Last month, Fortinet warned that the vulnerability – CVE-2023-27997 – had already been exploited in limited attacks, so immediate patching was strongly recommended. Fortinet fixed the vulnerability in firmware versions 6.0.17, 6.2.15, 6.4.13, 7.0.12, and 7.2.5 and urged all users to update the firmware as soon as possible to prevent exploitation. A workaround was also recommended for users that are unable to immediately update the firmware, which involves disabling the SSL VPN.

It has now been a month since the firmware updates were released and patching appears to have been slow. Cybersecurity firm Bishop Fox reports that more than 300,000 FortiGate firewall appliances remain vulnerable and have yet to have the firmware updated. Bishop Fox conducted a Shodan scan to identify FortiGate firewalls that had an exposed SSL VPN interface. The researchers identified 489,337 appliances with an exposed SSL VPN interface and only 153,414 of those appliances had been updated to a version of the firmware not vulnerable to the CVE-2023-27997 flaw. Bishop Fox researchers then used an exploit to demonstrate the seriousness of the vulnerability. The exploit “smashes the heap, connects back to an attacker-controlled server, downloads a BusyBox binary and opens an interactive shell,” said the researchers.
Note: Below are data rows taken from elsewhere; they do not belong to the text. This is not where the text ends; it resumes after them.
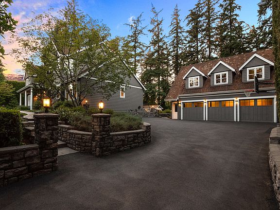 Striking Raleigh Hills Estate Home with Pool & Pool House, Guest house and original 1946 art cottage. 7195 SW Newton Pl sits gracefully on just under one acre of park-like grounds & is ideally located near top-tier schools & the PDX Golf Club! With luxurious finishes throughout, this residence includes 4 bdrms, 6.3 baths, a detached guest quarters w/ its own entrance over the garage, an original artist studio & a serene pool / pool house! Tucked behind a gated drive with tall mature laurel hedges as its border, you will find a private retreat. Upon entering, you're greeted into a traditional floor plan reminiscent of a New England Coastal Estate. Both the living & dining rooms are bathed in natural light & offer views of the manicured front lawn. Flowing seamlessly through the home, you will find a gorgeous kitchen w/ white painted woodwork, a farm sink, a spacious gathering island, coffee bar, & walk-in pantry, which then blends effortlessly into the dining nook & family room anchored by a gas fireplace via a wine wall corridor! On the main floor of the home you will also find a sitting area w/ french doors opening to the patio, a guest suite w/ high ceilings & privacy, a mud room complete w/ a dog wash station, cubbies & guest ½ bath! Ascending to the upper level, you will find 3 additional bedrooms all en suite, and a spacious laundry room. The luxe primary suite includes a sumptuous bath with dual spacious walk-in closets, walk-in shower & soaking tub! Adjacent to the bedroom is the primary suites' own office or nursery or flex room! The garage offers storage for a plethora of bikes, kayaks, tools & more, as well as room for 3 cars. Above the garage you will find the guest quarters w/ a great room, kitchenette & full bath! The vacation-like backyard features a fenced-in pool, spa & pool house. The grove of trees offer trails, room for play & a gathering space w/ a fire pit. Create a brilliant lifestyle behind the gates of this extraordinary compound!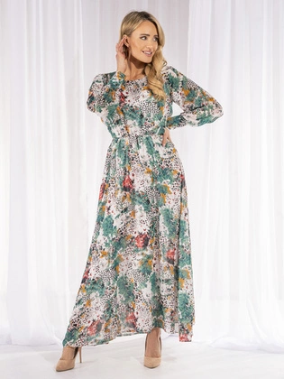 Sukienka w kwiaty, luźna kreacja z tkaniny 20918.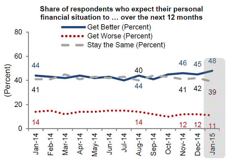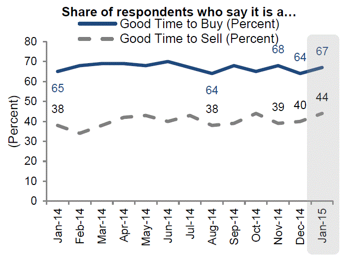 Doug Duncan, FanniernMae’s senior vice president and chief economist said, “Consumersrnare as positive about their personal finances at the start of 2015 as they havernbeen since we launched the National Housing Survey in 2010, and this optimismrnseems to be spilling over into housing market attitudes.  Consumers are more optimistic about thernenvironment both for buying and for selling a home today, and the share whornplan to own on their next move has jumped back up, reversing a three-monthrntrend toward renting. </p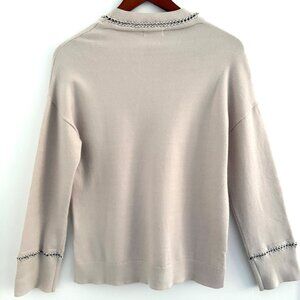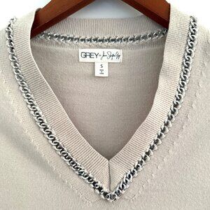 GREY Jason Wu Chain Trim V-Neck Sweater Beige S Minimalist Quiet Luxury Knit

The researchers also discovered that many of the FortiGate appliances were running FortiOS version 6, for which support was withdrawn in September 2022. CVE-2023-27997 is not the only critical vulnerability to affect FortiOS 6. Several other critical flaws have been identified in that version of the firmware, some of which have proof-of-concept (PoC) exploit code in the public domain.
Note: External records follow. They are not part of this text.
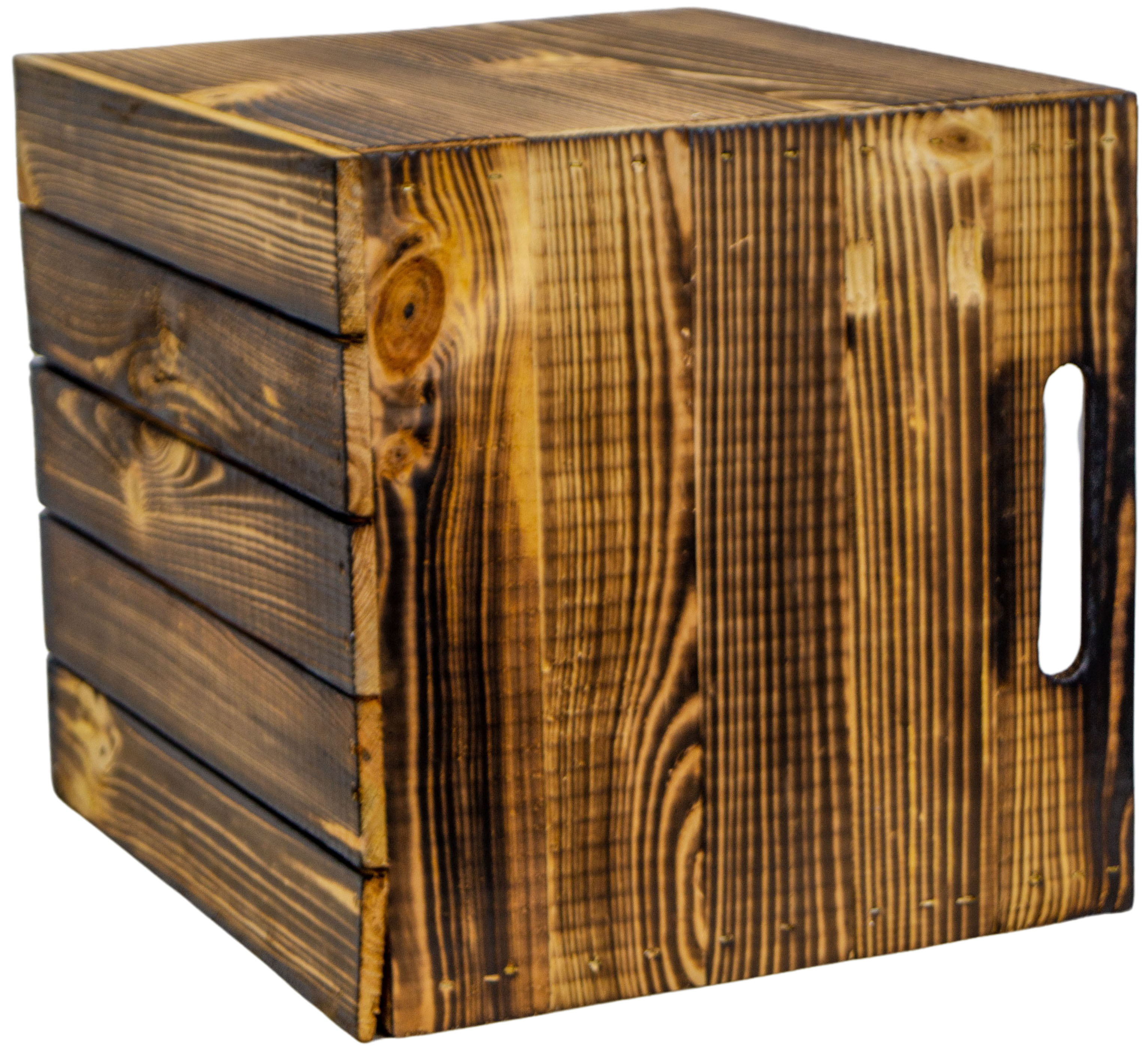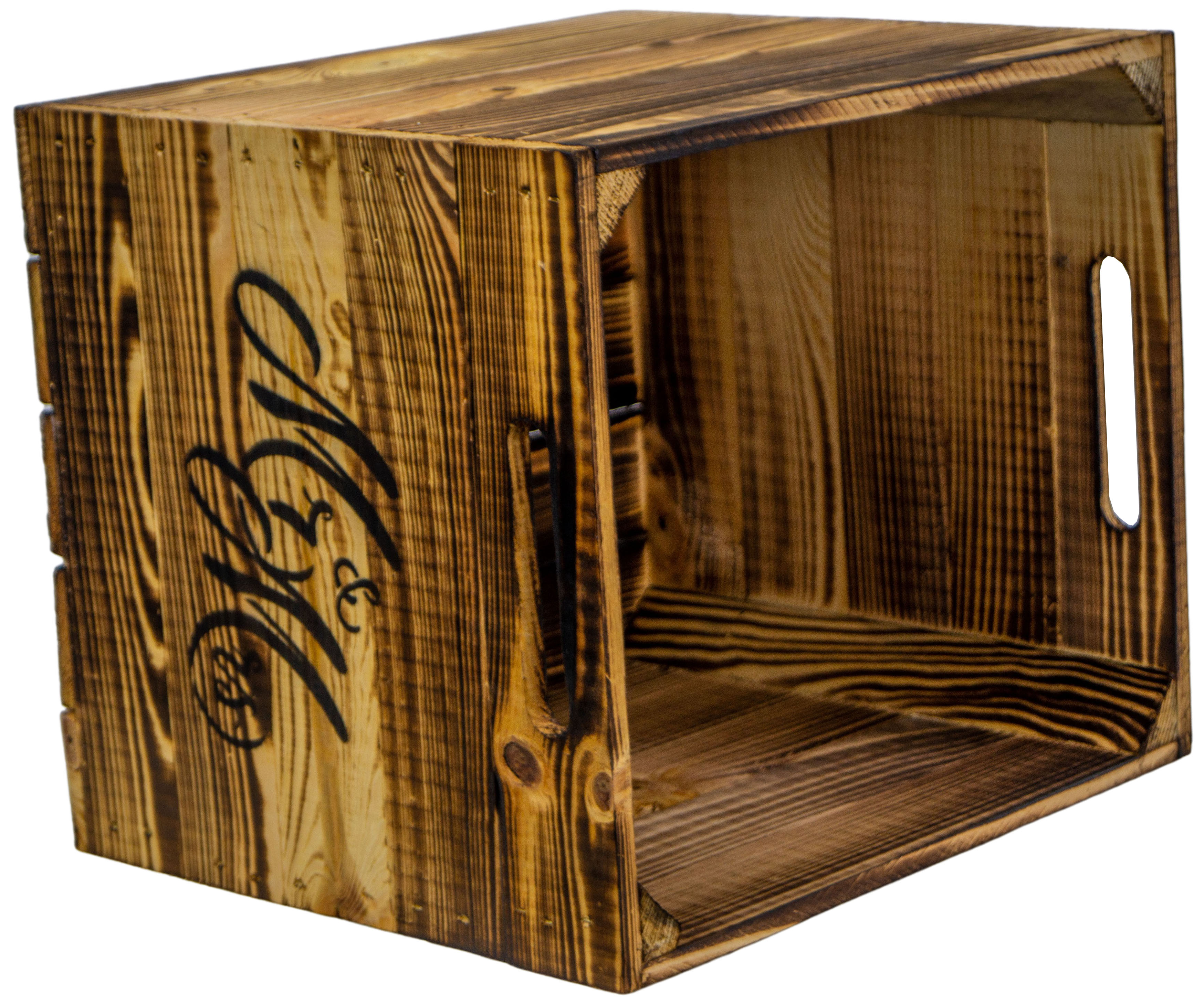 ACHTUNG: Die geflammte Kiste hat leichte Russrückstände, sollte demnach vor gebrauch mit einem feuchten Lappen gereinigt werden.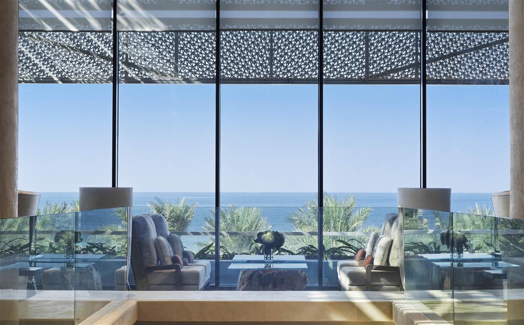 Vstupná hala s recepciou, hlavná reštaurácia s panoramatickým výhľadom na more, niekoľko reštaurácií a la carte, 3 bazény (Infinity bazén, súkromný bazén a detský bazén), bar pri bazéne, lehátka a slnečníky zdarma.
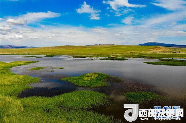 7月3日在新疆哈密天山風景區(qū)拍攝的伊吾馬場濕地。新華社發(fā)(普拉提 攝)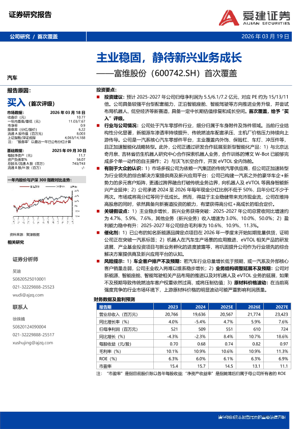 【爱建证券】【202603】主业稳固,静待新兴业务成长——富维股份(600742.SH)首次覆盖-6页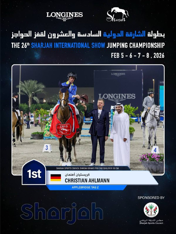 Mazkur yuqori darajadagi bahslarda g‘oliblikni Germaniyaning mashhur chavandozi Christian Ahlmann 🇩🇪 qo‘lga kiritdi. U bugungi kunda dunyoning TOP-10 eng kuchli chavandozlari qatoridan joy olgan bo‘lib, agar ot sportini futbol bilan qiyoslaydigan bo‘lsak, uni bemalol “ot sportidagi Ronaldo” deb atash mumkin.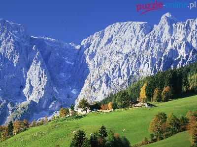 Puzzle Las, Góry, Łąka, Domy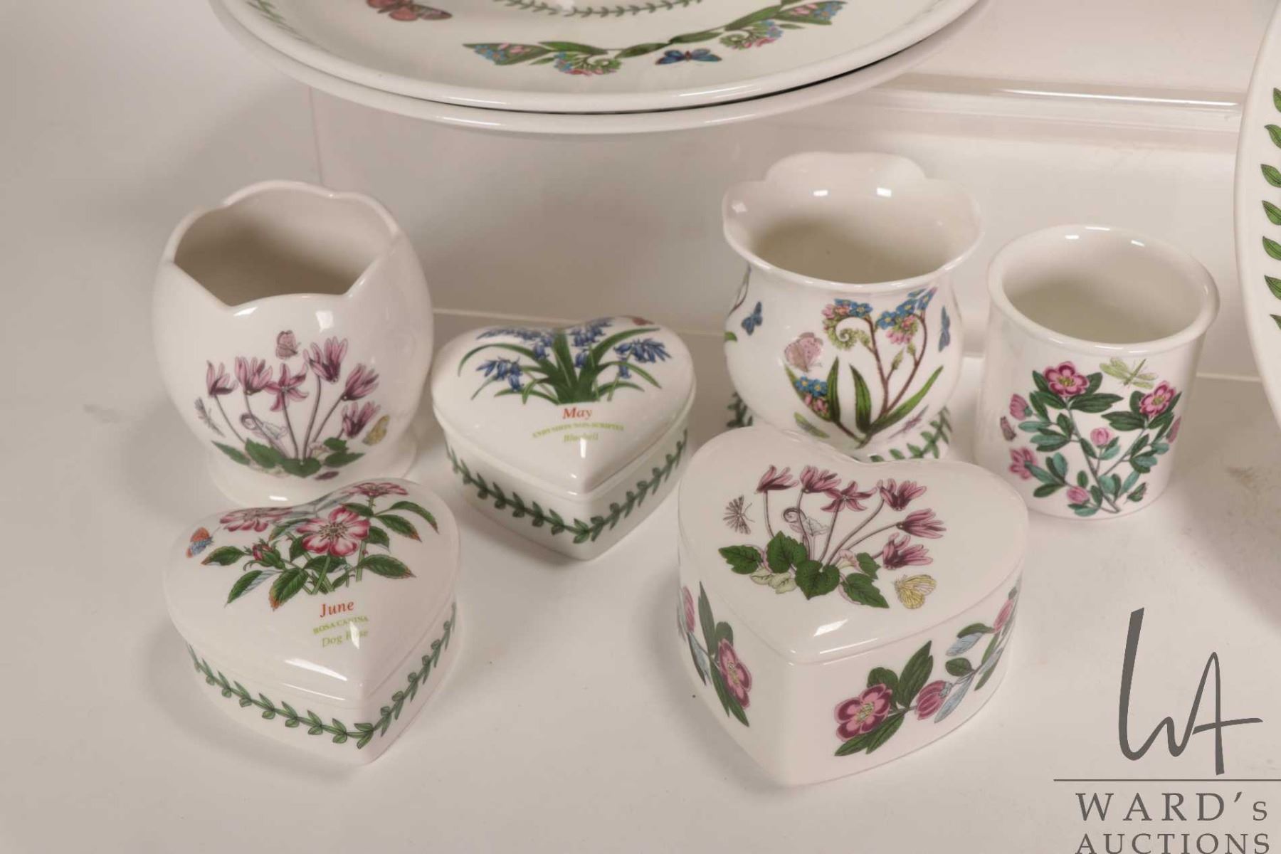Large selection of Portmeirion Botanic Garden porcelain including 14" diameter divided dish, two 10 3/4" plates, three heart shaped lidded trinket boxes, three small vases plus a teapot, note: teapot has hairline crack in lid

All organizations that use FortiGate firewalls should check the firmware version and upgrade immediately if a vulnerable version is being used or apply the workaround. If the vulnerability is exploited, a threat actor could gain full control of the firewall, remotely execute malicious code, steal sensitive data, and gain the network access they require to conduct ransomware attacks.